The PSNI police in the north of Ireland said two detectives had e travelled to Boston to take possession of materials authorised by the United States Supreme Court.

“The officers will return to Northern Ireland to assess the material and continue with their inquiries,” a spokesman added.

It is thought the interviews may contain information which might be used by the PSNI against a number of republicans, including senior Sinn Fein figures.

Dolours was a former republican hunger-striker who became a bitter critic of Sinn Fein when the party encouraged the IRA to give up its weapons and joined a local devolved administration under British rule.

She clashed with party leader Gerry Adams in recent years over his denials that he had never been a member of the IRA.

The 62-year-old consistently had claimed that Mr Adams, now a Louth TD, had played a significant role in IRA actions, including the controversial killing of alleged informer Jean McConville.

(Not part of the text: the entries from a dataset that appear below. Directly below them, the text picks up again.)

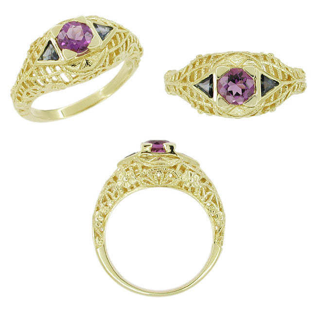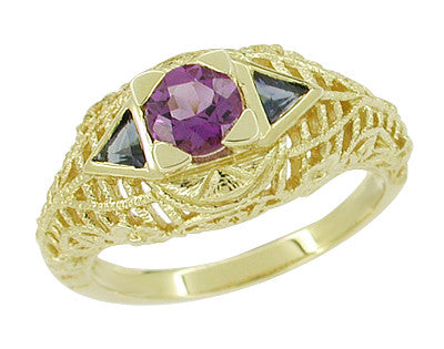 Art Deco Amethyst and Triangle Blue Sapphire Filigree Ring in 14 Karat Yellow Gold
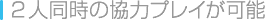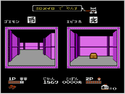 ゴエモンとえびす丸をそれぞれ操作し、2人で協力しながらゲームをプレイできます。アイテムが隠されている迷路では、1人ひとり画面が用意され、2人で別の道を進むことで効率よくアイテムを集めることができます。 |
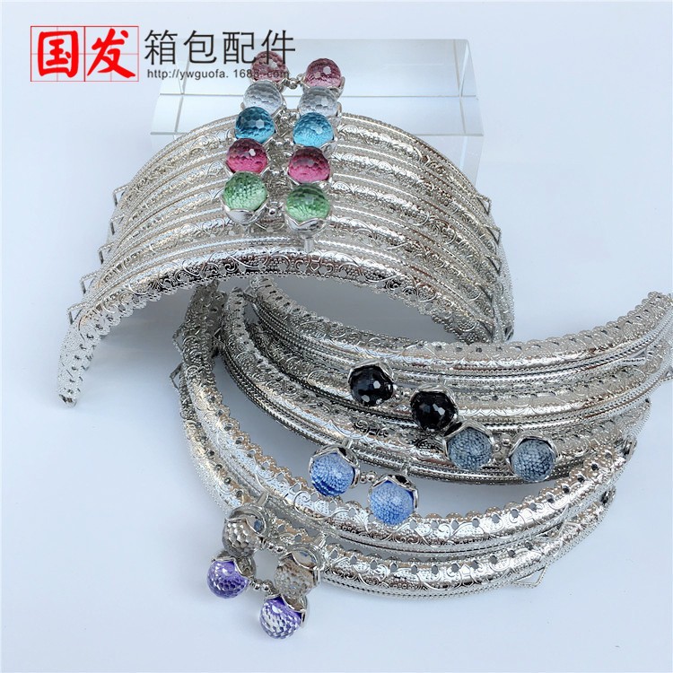 12.5cm半圆压花花边荷花头珊瑚珠口金 银色 10色可选 0063-YS
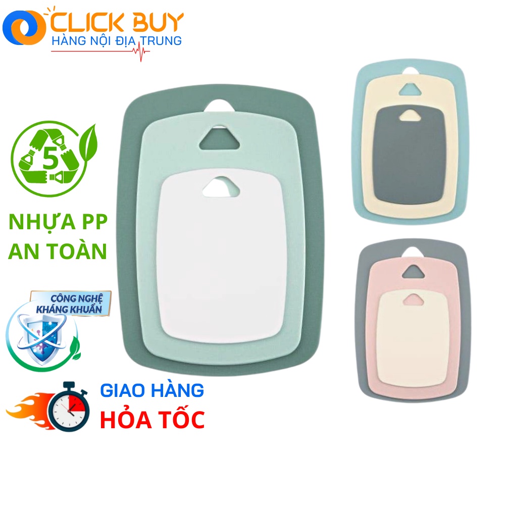 Bộ 3 Thớt Nhựa Kháng Khuẩn Sang Xịn Mịn Mặt Thớt Chống Trơn Trợt Cao Cấp
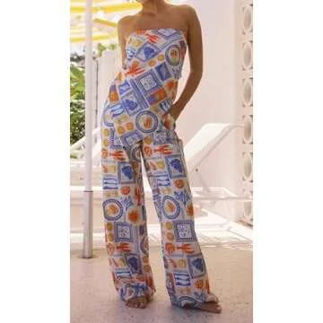 Show more Introducing the NUFIWI Women Graffiti Print Scarf Top and Pants Sets, the ultimate blend of style and comfort for the modern woman! This two-piece outfit is skillfully crafted from a premium cotton blend, ensuring a soft, breathable, and lightweight experience that feels as good as it looks. Designed for sunny escapades or casual outings, it features a trendy off-shoulder camisole adorned with vibrant fruit and floral graffiti prints, paired seamlessly with wide-leg pants for an effortlessly chic silhouette. Embrace your inner fashionista while staying comfortable!
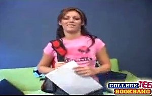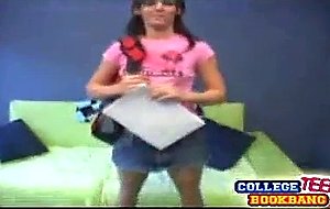 Brunette college slut has her ankle held as her teen pussy is drilled
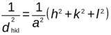 Для кубической сингонии взаимосвязь межплоскостных расстояний с параметром а элементарной ячейки задается формулой:
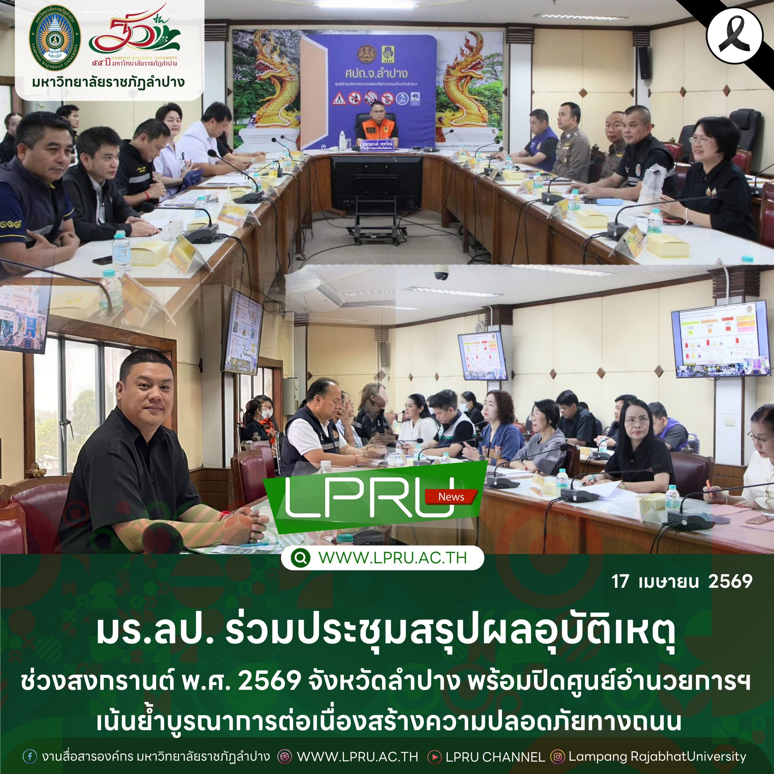 เมื่อวันที่ 17 เมษายน 2569 นายสุรศักดิ์ ประกัน นักวิชาการศึกษา สังกัดกองพัฒนานักศึกษา สำนักงานอธิการบดี มหาวิทยาลัยราชภัฎลำปาง ร่วมพิธีปิดศูนย์ปฏิบัติการป้องกันและลดอุบัติเหตุทางถนนช่วงเทศกาลสงกรานต์ พ.ศ. 2569 ณ ห้องประชุมเวียงละกอน ชั้น 4 ศาลากลางจังหวัดลำปาง โดยมี นายรณรงค์ เทพรักษ์ รองผู้ว่าราชการจังหวัดลำปาง เป็นประธานการประชุมคณะกรรมการศูนย์อำนวยการความปลอดภัยทางถนนจังหวัดลำปาง (ศปถ.) ครั้งที่ 3/2569 พร้อมเป็นประธานในพิธีปิดศูนย์ปฏิบัติการป้องกันและลดอุบัติเหตุทางถนนช่วงเทศกาลสงกรานต์ พ.ศ. 2569 ซึ่งมีหน่วยงานที่เกี่ยวข้องเข้าร่วมเพื่อติดตามผลการดำเนินงานช่วงเทศกาลสงกรานต์ สรุปสถิติอุบัติเหตุ ปัญหาอุปสรรค และถอดบทเรียน เพื่อนำไปปรับปรุงแนวทางการป้องกันและลดอุบัติเหตุในอนาคต พร้อมกันนี้ได้ร่วมรับฟังการประชุมคณะอนุกรรมการเฉพาะกิจฯ ผ่านระบบ VCS โดยมีนายธีรพัฒน์ คัชมาตย์ อธิบดีกรมป้องกันและบรรเทาสาธารณภัย เป็นประธานติดตามสถานการณ์และปิดศูนย์อำนวยการฯ อย่างเป็นทางการ

She who died in January amid a trans-Atlantic legal battle over her interviews and after a long battle with post-traumatic stress disorder and depression.

The allegations are among those believed to be contained in an interview with Irish ‘researchers’ Anthony McIntyre and Ed Moloney, who were hired for the purpose by the American university.

The recordings were started in 2001 and were made on the condition that confidentiality would be guaranteed until after the death of the republicans and loyalists who took part.

McIntyre and Moloney failed to block the release of the tapes after the PSNI launched a high profile legal challenge to obtain the testimony. However, they said the eleven interviews which were ordered to be released to the PSNI are of limited value, and significantly reduced from a previous demand for 85 interviews.

The PSNI’s move to take possession of the tapes this weekend appeared designed to pre-empt a new legal challenge based on an internal British police report which found bias in the handling of historical cases by the PSNI’s Historical Enquiries Team (HET).

The Policing Board in the North has said it has no confidence in the leadership of the HET Team on foot of the damning report, which found British soldiers had received preferential treatment from investigators.

In a statement on Saturday, Moloney and McIntyre urged the Dublin and London governments “to suspend all criminal and non-criminal inquiries into the past until agreement has been reached by all parties on a credible way forward and a mechanism to deal with the past has been created in such a way that it commands widespread confidence and support”.